Somehow, I still have most of my original teeth. There is no reasonable explanation for this. You’ve heard of the kid in the candy store? That was me. I grew up in one. It wasn’t exactly a candy store, but my family’s general store had a huge candy counter.
As soon as I was tall enough to reach the cash register, I went to work. Sure, I could have been doing regular kid stuff, but I learned quickly that when my parents were busy, it was easy to grab a Tootsie Roll or some bubble gum. Too easy.
Throughout my childhood, my mom took me to Trenton, Georgia for annual dental check-ups from Dr. Ray Ridge. He was a kind fellow, and I actually looked forward to those visits. Twice each year Dr. Ridge would scrape away the effects of my daily sugar intake.
When I became old enough to drive, I switched to a dentist in Scottsboro, Alabama, named Dr. Ralph Sheppard. My visits to his office concealed an ulterior motive. I had become obsessed with becoming a radio announcer, and he owned the local FM radio station. In my dreams, I imagined him looking deep into my mouth proclaiming, “This is the throat of a disc jockey! Put him on the radio, now!” Despite my dental chair auditions, he only seemed interested in cleaning, filling, and flossing.

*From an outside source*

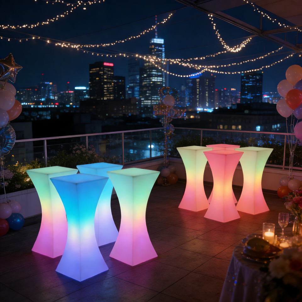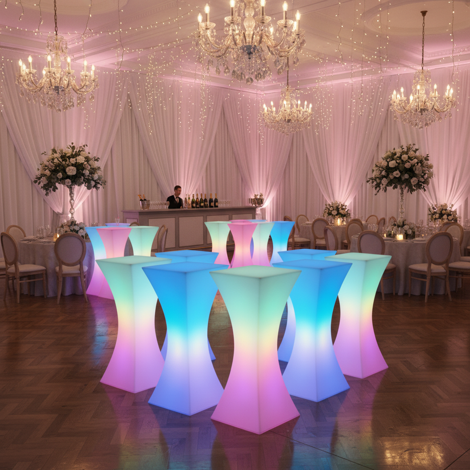 Tavolo da Cocktail LED a 16 Colori IP65 Prodotto in Fabbrica, Tavolo da Bar LED Lucido per Eventi/Feste/Giardino, Uso Esterno per Locali Notturni e Lounge

Then came the dark years. As I hit my twenties, and was out from under my parents’ watchful eyes, I avoided the dentist. For about ten years, I made excuses and told outright lies when my mother questioned me about dental care. After all, I figured my teeth would last forever, and I found more enjoyable ways to spend money.
Around the time I hit thirty, it became evident that my lazy approach to dental hygiene was not getting the job done.

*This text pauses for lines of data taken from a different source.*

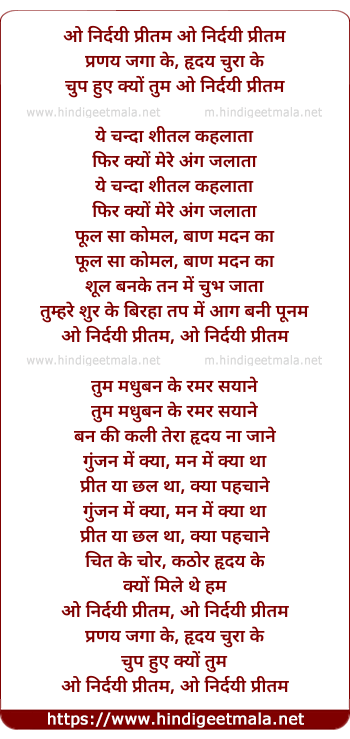 Lyrics of O Nirdai Pritam - ओ निर्दयी प्रीतम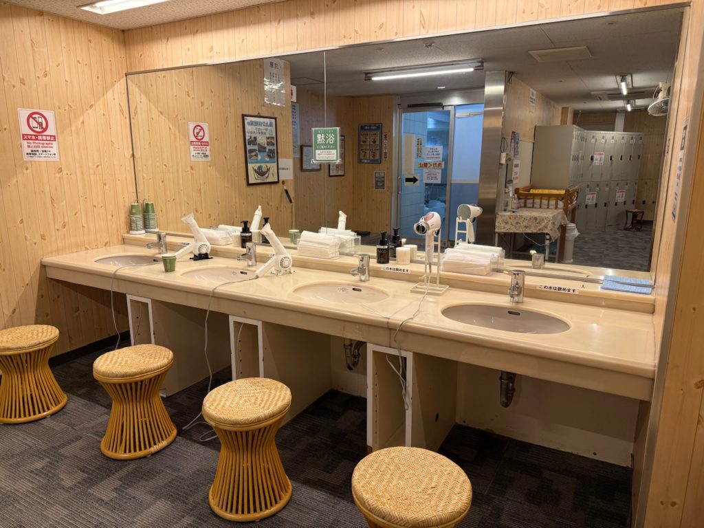 宿泊者は受付の横に置いてあるアメニティを自由に使える様になっており、洗顔料、ピーリング剤、メーカーのシャンプー、リンス、ボディソープを選んで大浴場へ持っていけます。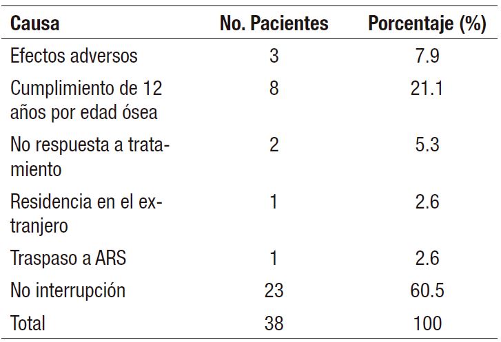 Cuadro 9: Causas de interrupción del uso de hormona de crecimiento en las pacientes con Síndrome de Turner del Programa de Alto Costo

My mother had gotten to the point in her life where she was totally honest. Up until then, she was totally positive about me. “You look so handsome today!” “Look at that wavy hair!” And then one day, the truth came out. “Why aren’t your teeth straight anymore?” I looked in the mirror that night. She was right.
So I shopped around. “Know any painless dentists?” I asked a few co-workers. One dentist came highly recommended, and he even had the sign “Painless Dentist” on his door. He soon began salvaging the wreckage inside my mouth. Mom was on target about those crooked teeth. At the age of 35, I had to wear braces. My new dentist was laying down the law. “You’re on TV, right?” “Yes sir, I am.” “Then, take better care of your teeth!” It made sense. As for the painless dentist part, after I shrieked in pain, I said, “I thought you were a painless dentist!” He paused and said, “I didn’t feel a thing.”

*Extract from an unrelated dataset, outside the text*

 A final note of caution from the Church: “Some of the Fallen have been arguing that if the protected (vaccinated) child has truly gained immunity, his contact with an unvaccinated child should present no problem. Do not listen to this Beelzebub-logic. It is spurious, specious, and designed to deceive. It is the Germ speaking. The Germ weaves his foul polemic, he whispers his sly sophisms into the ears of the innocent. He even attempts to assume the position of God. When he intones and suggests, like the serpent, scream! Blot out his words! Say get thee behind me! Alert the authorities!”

I later switched to an older dentist. Miraculously, it seemed for many years, my check-ups were joyous occasions. An assistant would clean my teeth, and the elderly doc would come in, take a quick look inside, and mumble, “Everything looks good.” I was free to go.
Unfortunately, things weren’t really so good. I detected some issues, so I switched dentists again. It turned out the old fellow had neglected some serious problems. It was back to the grind.
To this day, it’s a thrice-yearly round of poking and prodding. Occasionally, my dentist will lean in to his assistant, whispering something about a maxillary axial occlusion on the first cousin molar, twice removed, and say, “I’ve never seen anything like it, have you?” I feel certain those x-rays will soon be published in the The Journal of the American Dental Association.
As for the pain, when it comes time to crown a tooth, they don’t even ask anymore. “Give him the gas,” the dentist says. For the next hour, I’m in toe-tingling heaven, grinning under the influence of nitrous oxide. Just recently, they started charging for it. I was too giddy to complain.
Someone asked me, “Have you ever had TMJ?” Nope, but I have definitely helped several dentists buy a new BMW.